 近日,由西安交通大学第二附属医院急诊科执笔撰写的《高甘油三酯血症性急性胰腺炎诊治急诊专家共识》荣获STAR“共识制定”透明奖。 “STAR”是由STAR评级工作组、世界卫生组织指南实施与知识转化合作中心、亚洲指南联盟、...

==

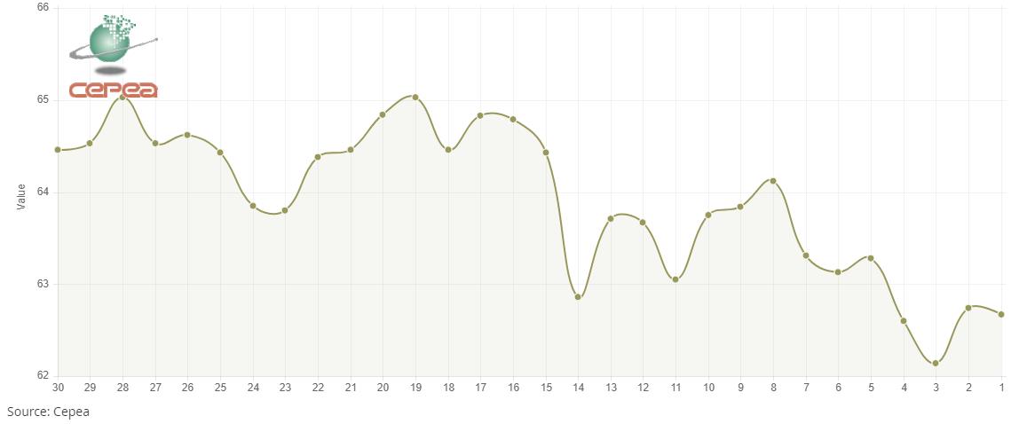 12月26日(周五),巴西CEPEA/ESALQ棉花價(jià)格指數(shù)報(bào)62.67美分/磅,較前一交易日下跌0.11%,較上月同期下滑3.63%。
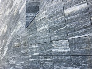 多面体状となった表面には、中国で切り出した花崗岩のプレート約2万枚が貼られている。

→ **WORK TASK**
Although pictures appear among the records above, none are to be output; print exactly the lines from the line containing "12月26日(周五),巴西C" through the line containing "多面体状となった表面には、中".

→ **RESPONSE FOR THIS EXERCISE**
 12月26日(周五),巴西CEPEA/ESALQ棉花價(jià)格指數(shù)報(bào)62.67美分/磅,較前一交易日下跌0.11%,較上月同期下滑3.63%。
 多面体状となった表面には、中国で切り出した花崗岩のプレート約2万枚が貼られている。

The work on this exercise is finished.